Enjoy the freedom of towing your car it makes life much easier. _That should open a can of worms!_
p-c


----------



## steco1958

p-c said:


> _That should open a can of worms!_
> p-c


 :roll:


----------



## Chrisgd

p-c said:


> Hi
> I have an A frame on a Golf convertible, so not a light car. MH is a 2004 plate 2.8 JTD. I cruise on motorways, here and the continent, at the speed limit and have exceeded it quite easily. I have towed over the alpine passes and happily wandered down the back roads in France and Italy.
> Whilst I have thought about a remap as yet I have not found a need for it. I would suggest that you try with the A frame and no remap first. That way you may save your money. Fuel savings on a remap is another issue!
> Enjoy the freedom of towing your car it makes life much easier. _That should open a can of worms!_
> p-c


Thanks for the comments, have to say, I'm already getting a bit fed up with changing up and down when ever I encounter the smallest of hills!!


----------



## Chrisgd

I've had a quote from wow tuning for £299 and a quote from More BHP in Crewe their quote was a lot cheaper at £199, 
Anyone know why such a price difference. 


Cheers
Chris


----------



## sideways

wow power are a franchise and are all over the country they have a good reputation, i have been very happy with mine.


----------



## Zepp

WoW power did mine at one of the motorhome shows very happy with it ( 2.8 JTD )



Paul


----------



## blackbirdbiker

Here's the can of worms.................
In a previous thread the same question was asked, my 2.8jtd ended up with very poor fuel consumption so I had the original mapping re-installed. 8O 

Keith


----------



## Mrplodd

I have a 3 litre (4 tonne MH) thats been re-mapped by WOW tuning(by previous owner) power (BHP) and torque are up by 27% !!! 

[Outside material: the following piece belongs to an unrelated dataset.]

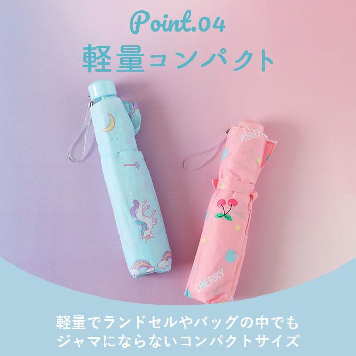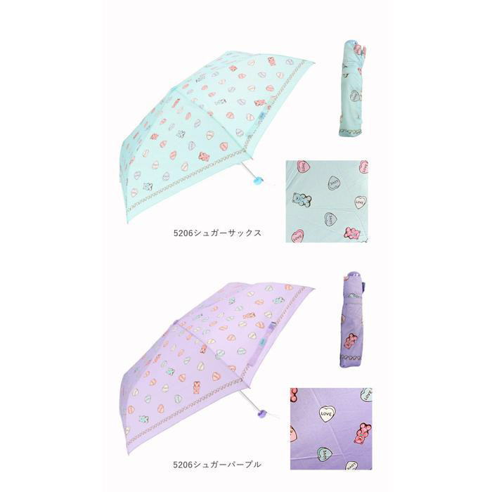 パステル調の生地に散りばめたモチーフがとってもキュート!ミニポンジー、ガールズ用折りたたみ傘。
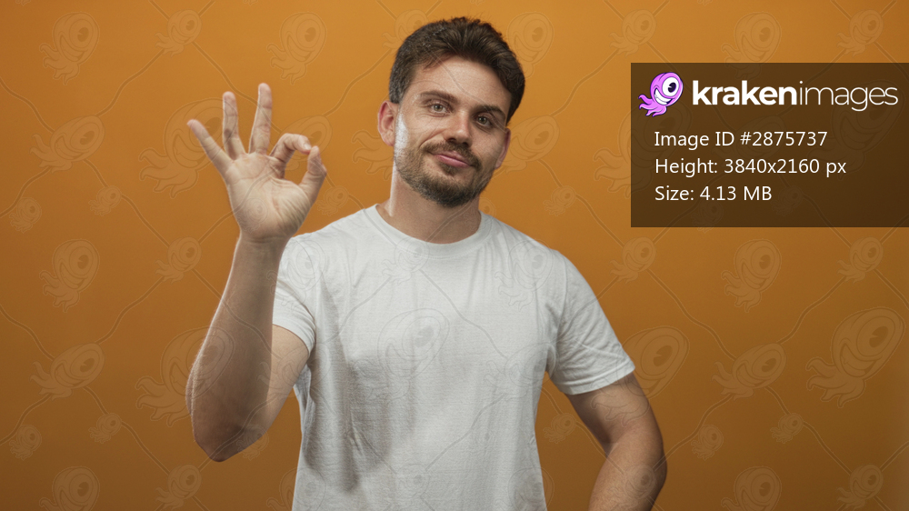 Young hispanic man making ok hand sign with palm facing camera and relaxed smile while wearing white t shirt in orange studio setting; approval agreement gesture. - Kraken Images

Thats nearly 200BHP on tap now. I dont need to change gear very much, evem with Smart cra and trailer behind. I have not done enough miles to give an accurate MPG figure but its looking like about 26 ish (without trailer) .

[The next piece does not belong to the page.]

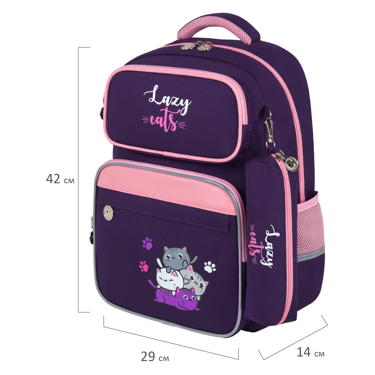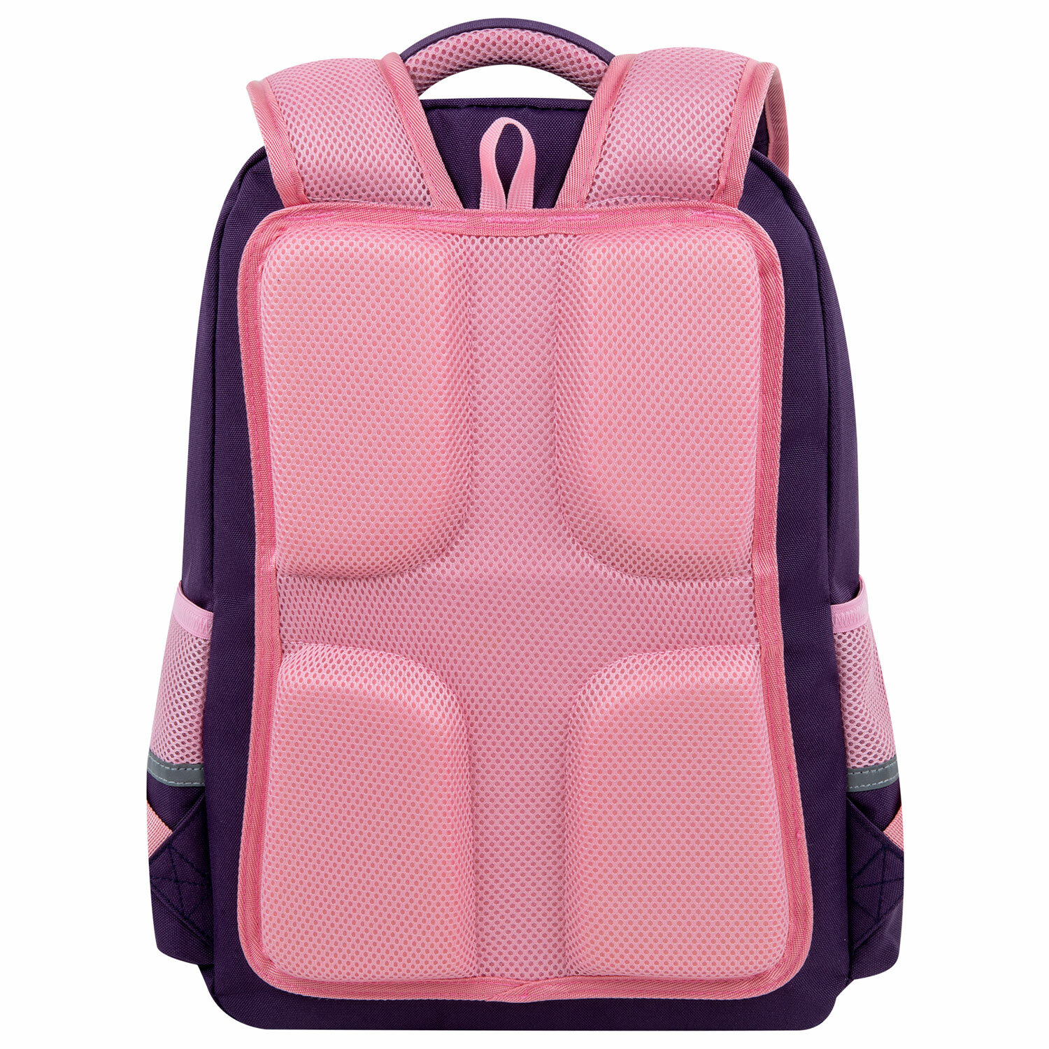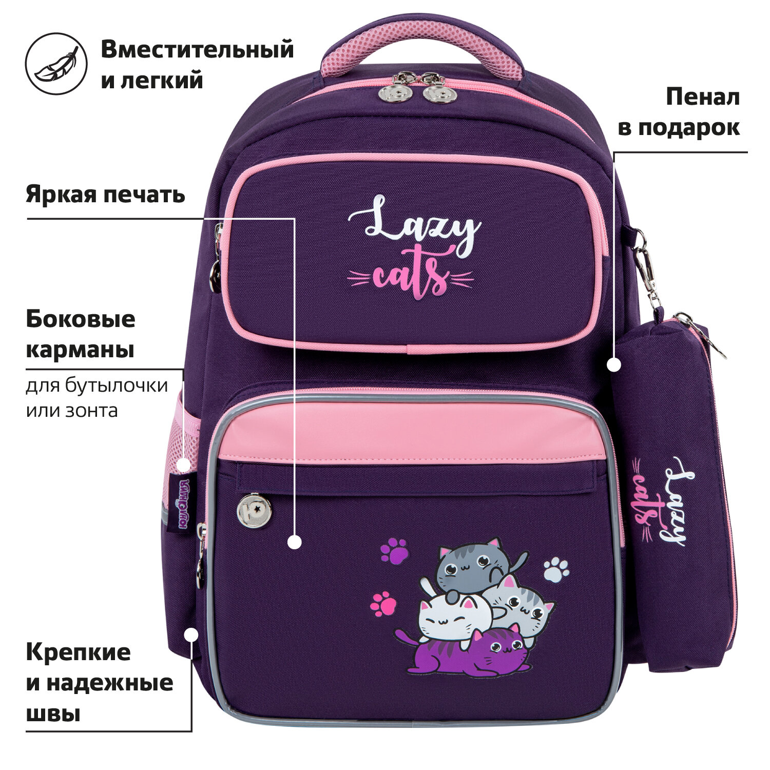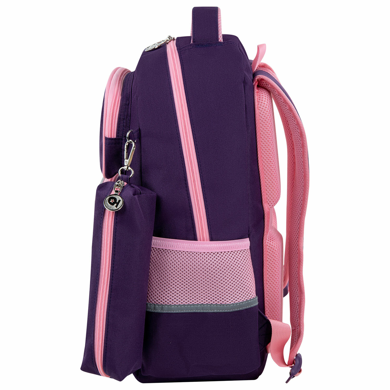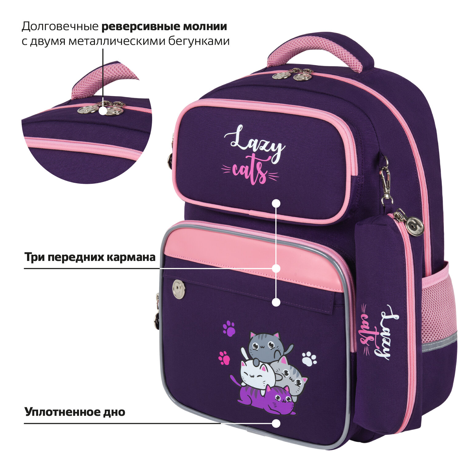 Рюкзак снабжен усиленной ручкой из ткани и петелькой для подвешивания на крючок, а также фиксатором для тетрадей. Светоотражающие элементы с четырех сторон обеспечивают безопасность в темное время суток.

I would not pay for any re-map as the cost (in my opinion) does not make economic sense. You MAY get better MPG but human nature being what it is if you have got more grunt under the bonnet you are going to use it. Even if you do get better mpg its going to take a LOT of miles to save nearly 300 quid :wink:


----------



## BwB

And... Make sure your clutch is in good order. I forget the number of times I've read people complaining about clutch slip after having more BHP mapped in. If you're towing too that could be doubly important.


----------



## Geofers

I have a device from www.energytuning.co.uk which you can turn on or off with various settings i.e. more BHP, more torque or economy.
I just switch it on (turn the wick up ) when towing our Panda.The van is a 2.2 100bhp Fiat , and copes well towing.


----------



## Mrplodd

BwB

A very good point !!! 

My last MH was a 2.2 that had been re-mapped and I did experience clutch slip once !!! That was when I was at low road speed in a high gear and couldnt be ****ed to change down so just floored it to climb a gradient, the engine torque overcame the clutch and it slipped momentarily :? 

From that point on I ALWAYS changed down in plenty of time and kept the revs around the 1750-2000 mark, never had clutch slip after that.


----------



## Johnwr

*Performax Remapping*

Hi Chris

Just had my van remapped by Paul Archer of the above company very professional excellent service and a great difference in the driving performance. The company web site is www.customremapping.co.uk tel 07521072984.

Regards
Johnwr


----------



## roxie

I fitted a c.r tech tuning box about 80 pounds of fle bay.


----------



## Markt500

Had the Hymer (2.8 JTD)done a couple of months ago through Quantum Tuning. Really pleased with the results - noticeably more torque and no loss off mpg (and no clutch slip). Would recommend...


----------